# What You Need:
→ Roasted Cauliflower
01 - 1 large head cauliflower, cut into florets
02 - 2 tablespoons olive oil
03 - 1 teaspoon dried oregano
04 - 1 teaspoon dried thyme
05 - 1/2 teaspoon smoked paprika
06 - 1/2 teaspoon garlic powder
07 - 1/2 teaspoon salt
08 - 1/4 teaspoon black pepper
→ Rice
09 - 1 cup basmati or jasmine rice, rinsed
10 - 2 cups water
11 - 1/2 teaspoon salt
→ Vegetables
12 - 1 cup cherry tomatoes, halved
13 - 1 cup cucumber, diced
14 - 1 cup shredded carrots
15 - 1/4 cup red onion, thinly sliced
16 - 2 cups baby spinach or mixed greens
→ Tahini Sauce
17 - 1/4 cup tahini
18 - 2 tablespoons fresh lemon juice
19 - 2 tablespoons water, plus more as needed
20 - 1 tablespoon olive oil
21 - 1 teaspoon maple syrup or honey
22 - 1/2 teaspoon garlic powder
23 - Salt and pepper to taste
# Directions:
01 - Preheat oven to 425°F. Line a baking sheet with parchment paper. In a large bowl, combine cauliflower florets with 2 tablespoons olive oil, oregano, thyme, smoked paprika, garlic powder, salt, and pepper. Toss until evenly coated and spread in a single layer on the prepared baking sheet.

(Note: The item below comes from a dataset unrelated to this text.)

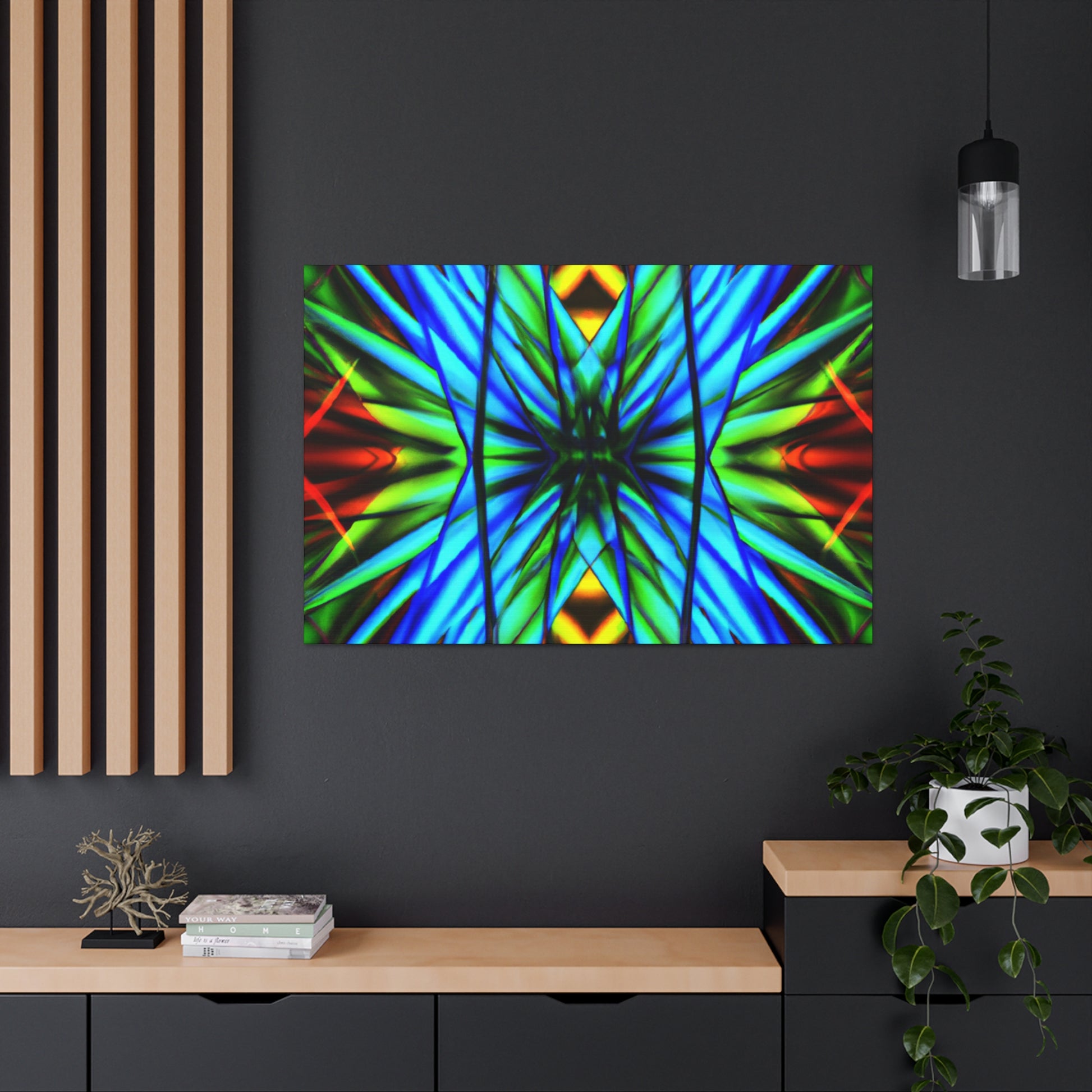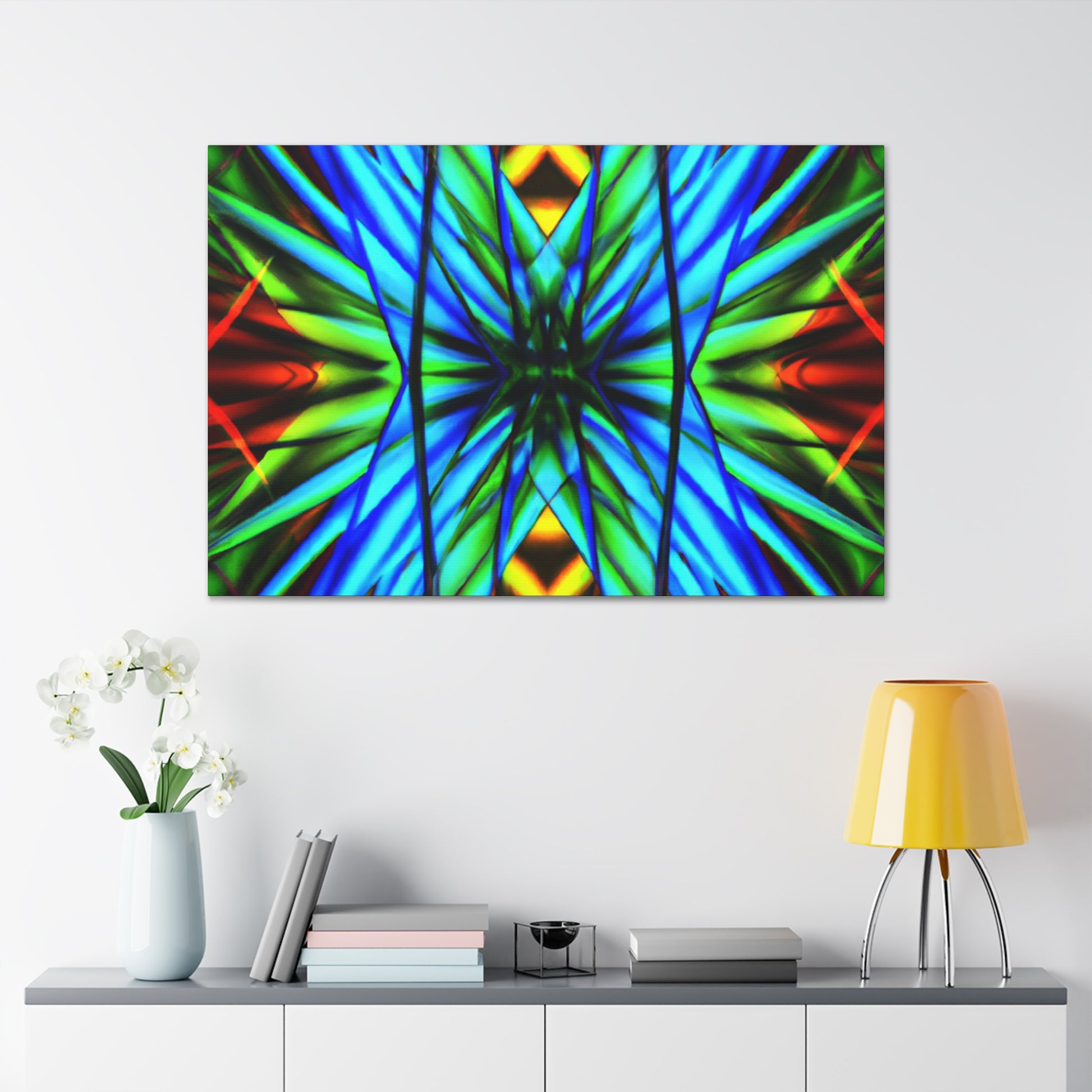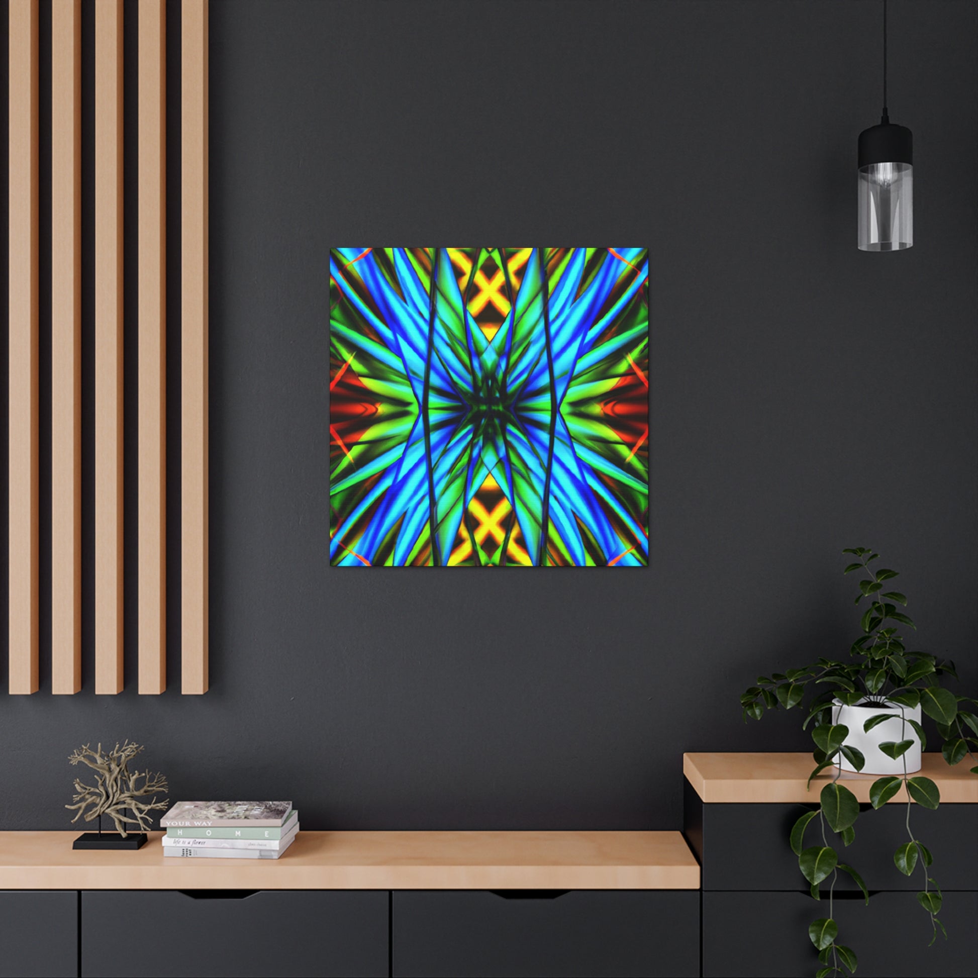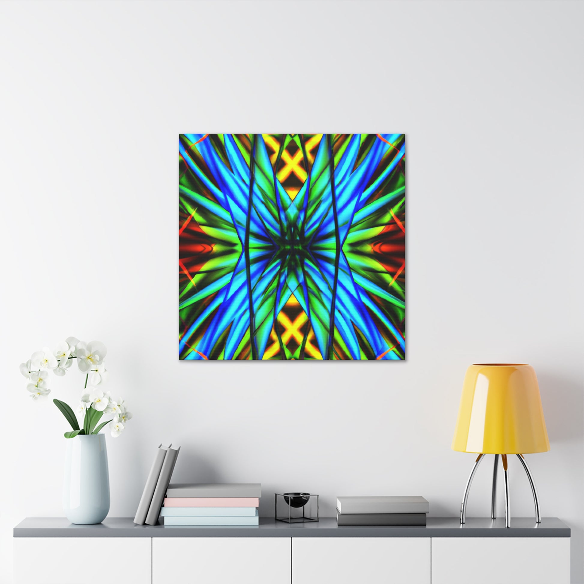 This canvas is a great addition to any home. It features a Trippy Geometric Palm Leaves, Kaleidoscope, Abstract, Digital Art, Vibrant Colors, 3D Lines, and Fractal, creating a visually stimulating effect. Whether it's in the bedroom, living room, office, or any other space, it will add an interesting and unique layer to any decor. #trippy #geometric #palmleaves #kaleidscope #abstract #digitalart #vibrantcolors #3Dlines #fractal #canvasart #homeart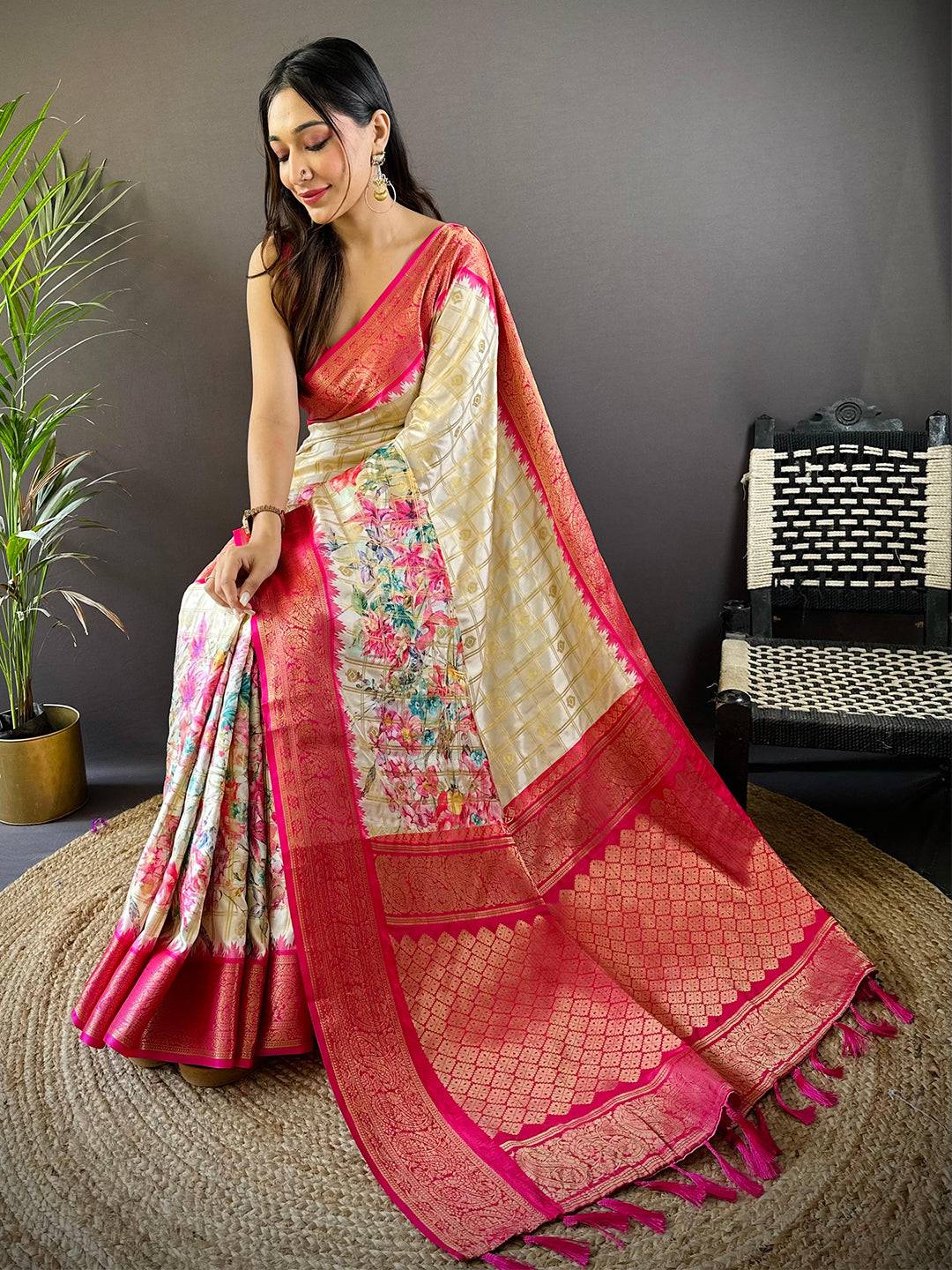 Pink Floral Bloom Kovai Rettapet Saree

02 - Place baking sheet in the preheated oven and roast for 25 to 30 minutes, stirring halfway through cooking, until golden brown and tender with crispy edges.
03 - In a saucepan, combine rinsed rice, 2 cups water, and 1/2 teaspoon salt. Bring to a boil over medium-high heat, then reduce heat to low, cover with a lid, and simmer for 15 minutes until liquid is absorbed and rice is tender. Remove from heat and fluff with a fork.

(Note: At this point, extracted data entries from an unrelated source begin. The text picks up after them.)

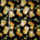 Retro gaming machines in yellow and orange colour pallete. Pinball, arcade machines and joystick. Seamless pattern. Custom background colour.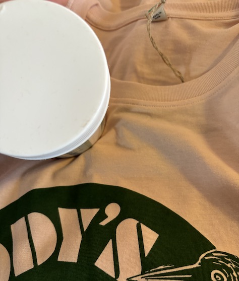 Possibly my fave UK bird is the lesser spotted woodpecker. And here is one, pecking his way into an LP. Yes, this is the super rare Woody's Record Shop bag (originally the shop was in Ferndown, Dorset), now immortalised in tee form. Great colour combo, dusty pink tee with green print. AMAZEBALLS. The tee looks like a pale white, but it is actually a pale dusty pink (I have taken a bad pic along with something white so you can see below). Organic cotton tee - please note size chart: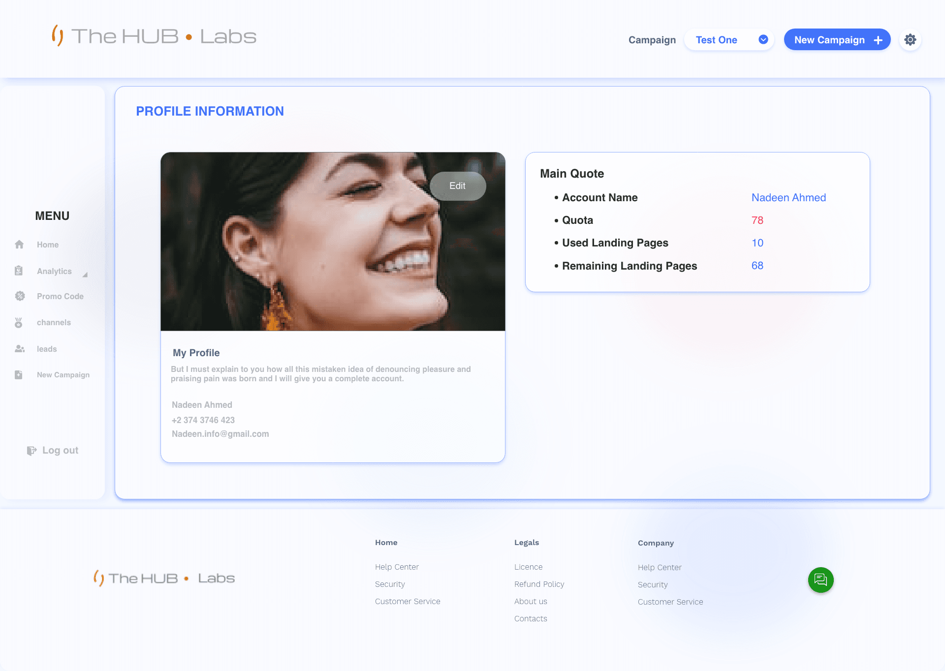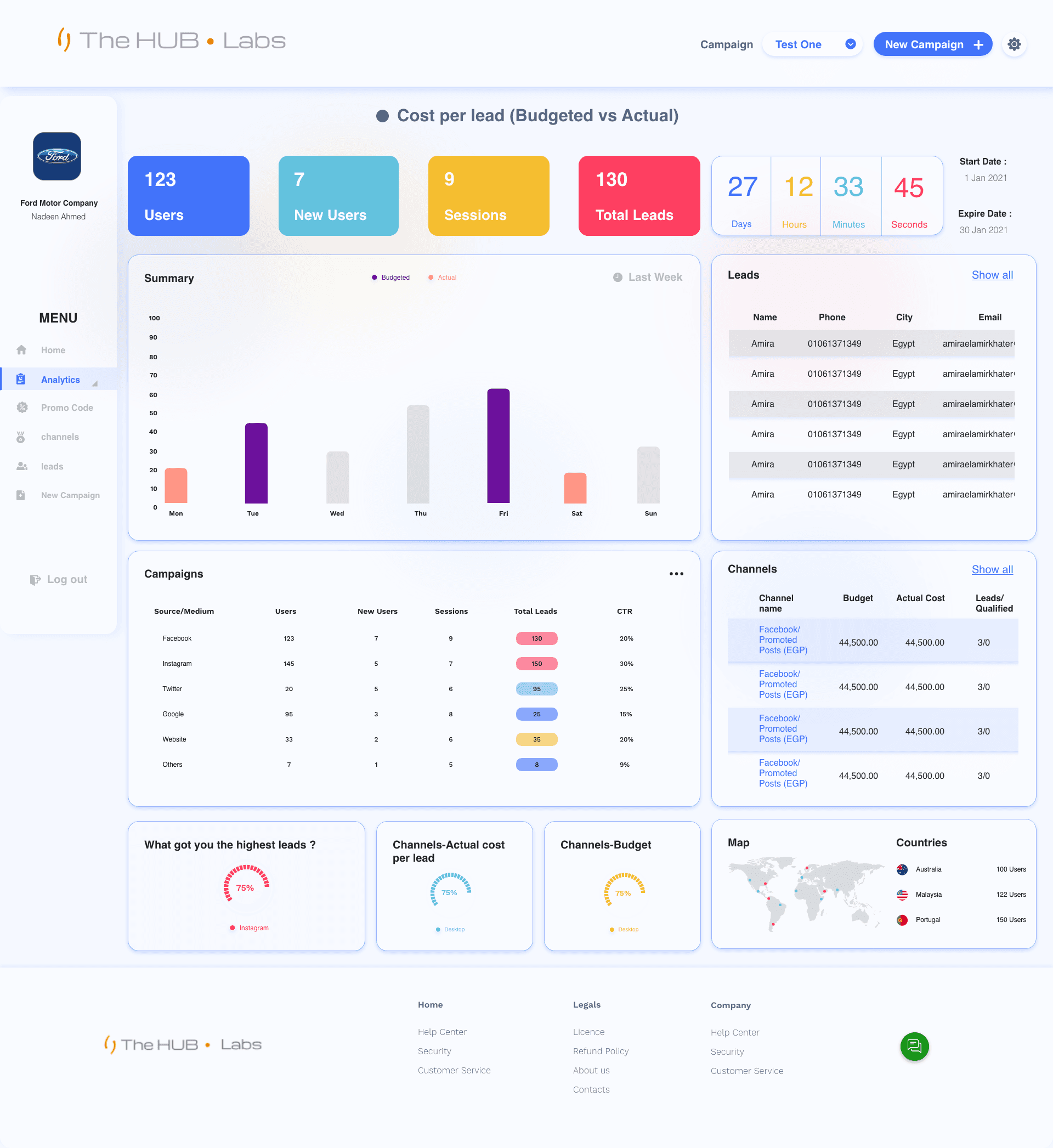 Hub Laps is a web based dashboard that helps teams create and manage product pages while monitoring usage metrics in one place. Users can add products, track user counts, analyze engagement trends, and review key performance data through a structured interface designed for clarity, scalability, and efficient decision making support.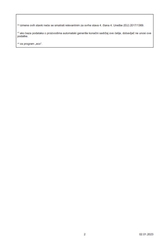 - Broj programa -5: Eco50°C,Auto45-65°C,Intenzivno70°C,Kratko65°C,Favourite

04 - In a mixing bowl, whisk together tahini, lemon juice, 2 tablespoons water, 1 tablespoon olive oil, maple syrup, and garlic powder until well combined. Season with salt and pepper to taste. Add additional water as needed to achieve a pourable consistency.
05 - Halve cherry tomatoes, dice cucumber, shred carrots, and thinly slice red onion. Arrange each ingredient separately for easy assembly.
06 - Divide cooked rice evenly among serving bowls. Layer spinach or mixed greens, roasted cauliflower, cherry tomatoes, cucumber, carrots, and red onion on top of the rice.
07 - Drizzle each bowl generously with tahini sauce and serve immediately while cauliflower is still warm.